А еще Нин-Найр бегает. Пусть Саайре идет шаг в шаг, все равно – быстрей чем умеет, еще чуть-чуть – будет бегом, Нин-найр как пружинит от земли, летит. И звонко от нее, из оврага выберется, оглядится, и слышней, чем рядом работают – забор сносят:
- Вот тю-ю, какая казарма! Проще взорвать и заново, право. Хоть краску заказать они догадались?
- Ага, - говорит он, но за голосом не успевает. Близко – кучи, песок и темная, жирная земля, у песочной, на траве, действительно второе ведро… Но у забора на миг замолкает треск резаков и шум человеческой возни. И рядом совсем, в высокой траве, что здесь, у оврага, разрослась – не то, что между корпусами – цвиркают… Птицы неведомые, с рыжей грудкой, много, видно – долго тут было безлюдие…

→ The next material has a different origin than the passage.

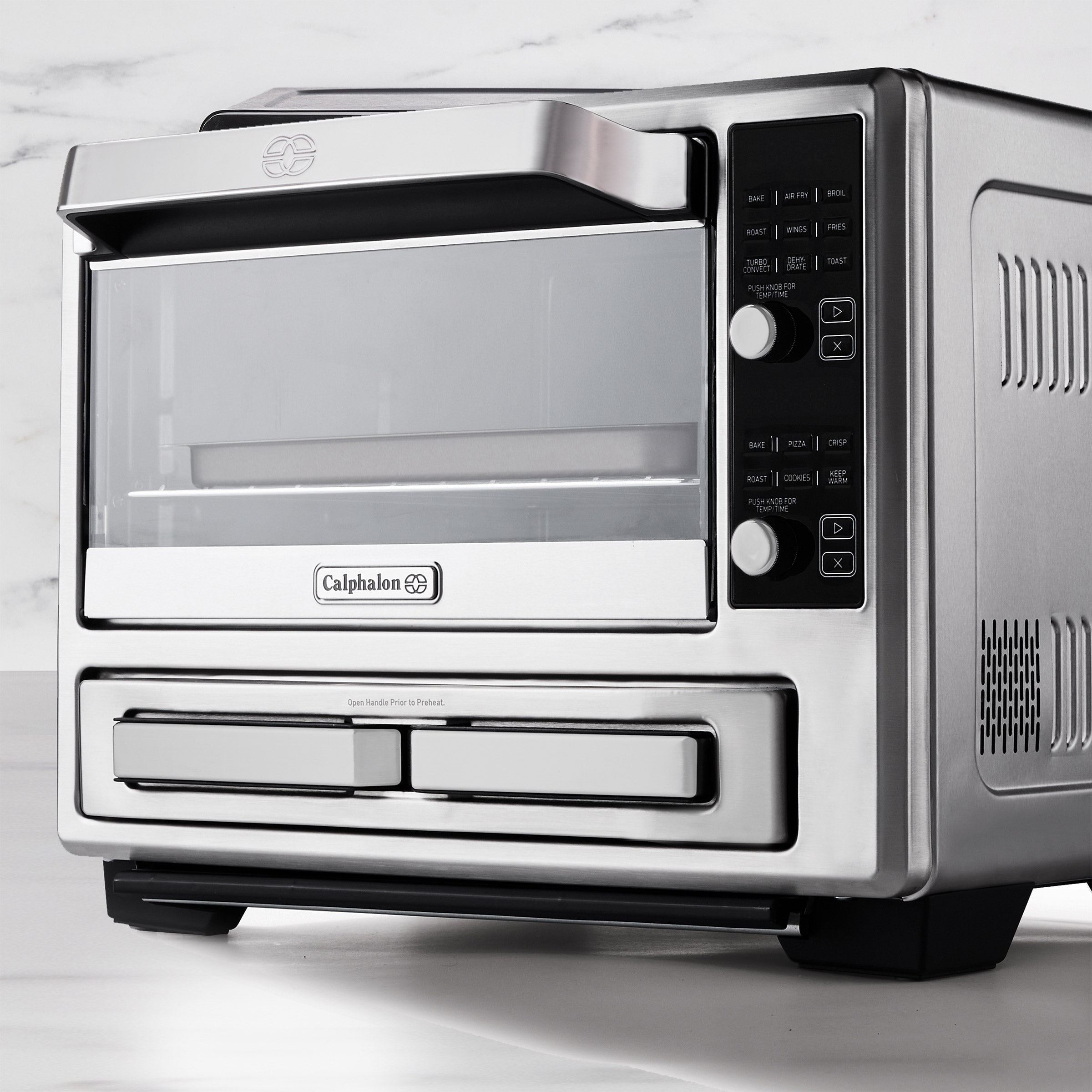 15 Precision Cooking Functions 2 Independent Cooking Chambers Turbo Convection Heat Technology Dishwasher-Safe Accessories Prepare multiple meals at one time with the Calphalon Performance Dual Air Fry Convection Oven. This premium countertop oven features two individual cooking zones that allow you to simultaneously prepare a main course with a side or two separate main courses, with professional-grade precision. Enjoy crispy meals and snacks with the Air Fry function or choose from any of the 15 precision cooking functions for unrivaled multifunctional use. Cook larger meals in the upper chambers with the Bake, Air Fry, Broil, Roast, Wings, Fries, Turbo Convection, Dehydrate, and Toast functions. Prepare sides, desserts, and smaller entrees in the lower chamber with Bake, Pizza, Crisp, Roast, Cookies, and Keep Warm functions. This convection oven includes Turbo Convection Heat Technology, which increases airflow circulation for faster, more efficient countertop cooking. The elevated stainless steel design enhances the look of any kitchen. Product Features: Dishwasher-Safe Accessories Includes air fry rack, nonstick baking pan, wire rack, and removable crumb tray Two Meals at Once: Simultaneously cook a main course with a side, or two separate main courses to make multiple meals in half the time Two Independent Controls: Program time and temperature separately for each zone to ensure perfectly timed meals Versatile Cooking: Choose from 15 precision cooking functions including Bake, Air Fry, Broil, Roast, Wings, Fries, Turbo Convection, Dehydrate, and Toast on the upper chamber, and Bake, Pizza, Crisp, Roast, Cookies, and Keep Warm on the lower chamber Two Precision Cooking Zones: Upper chamber features a large capacity to cook full-sized meals and proteins while lower chamber is perfect for pizza, sides, and more Turbo Convection Heat Technology: Increases airflow circulation for faster and more even cooking Sleek Stainless Steel: Durable stainless-steel construction provides a modern addition to any kitchen Dimensions & More Info: Model: 2168575 Item Dimensions (inches): 16.2 W x 17.56 L x 13.7 H Weight: 14.99 lbs Made in China

…И ошарашенно поднять голову, потому что новое: цвирррррь-тиу – слышно не из травы, а вот, рядом, над ухом. Совсем птичье. «Цвирррь!» - обрывает трель Нин-найр – и хитро-хитро улыбается:
- Еду воровать пришли, грохота развели, да, понимаю, непорядок. Цвиррррррь! – и ну вот как прислушивается, что в ответ зазвенят – не хуже его, наверно, удивленные птицы.
А что несказанное рыжая подхватывает – так это почти не удивился. Этим похожи:
- Научу. Потом. Сейчас – грузимся… А, вот второе ведро, - и шлепает уже пару лопат, и выпрямляется вдруг, на него смотрит, и говорит. – Саайре, ты только когда и большим вырастешь – не спрашивай: как у такой гюрзы такая пташка получилась. Тсссс, - прикладывает палец к губам, а для верности – еще два: запечатать. И вдруг смеется. – Мы и сами этого не знаем.
…Научила. Губы и сейчас вспомнят, как складываться на птичьи трели. Это голова сразу запретит. Вспомнится, там было ярко и хорошо – эти дни и дни, пока из несуразных строений вырастала средняя медицинская школа на Пустошах, ожидающая первого зимнего набора. Знать бы, что там осталось… Нин-Найр была недолго, дней шесть, меньше: «Полкруга дежурств – нам, говорят сейчас, та-акая роскошь, нечего», - и потом наезжала нечасто. А голос – вот кажется, стены помнили… И то – хватало – в сумрачном, неприветливом, чужом – голоса и смеха, разгонявшего сумерки, под который шла любая работа. Включая и корчевание до самой каменной кладки прежнего пола: «Смотри, это весело: берешь его – и р-раз!»
Территория помнила меньше, хотя и там работала, не отказывалась, ой – лехта Нин-Найр была как везде, куда не повернешься. Это потом, когда у нового крыльца преподавательского корпуса – тот самый, привратный – вот-вот решатся, выпустят лепестки молодые вишенки, ими же посаженные, года четыре школе уже. Не ему, он тогда из окошка высунулся – всякое, на просушку вывешенное, снять – ну, а вечер так пах, засмотрелся – и подслушал. Нечаянно. «Не-е, - смеется кому-то невидному Нин-найр, - не знаю, как эта называется. А, мы тут с мамой совсем непохожи. Она кажется вообще не представляет, как стрелять. А я, с травами… Ну, не то, чтоб ничего не понимаю, но, - и звонкое, воркотней, смехом, - тссс! – но как они мне с детства на-адоели!» Все это успеет – до того, как Саайре захлопнет окошко.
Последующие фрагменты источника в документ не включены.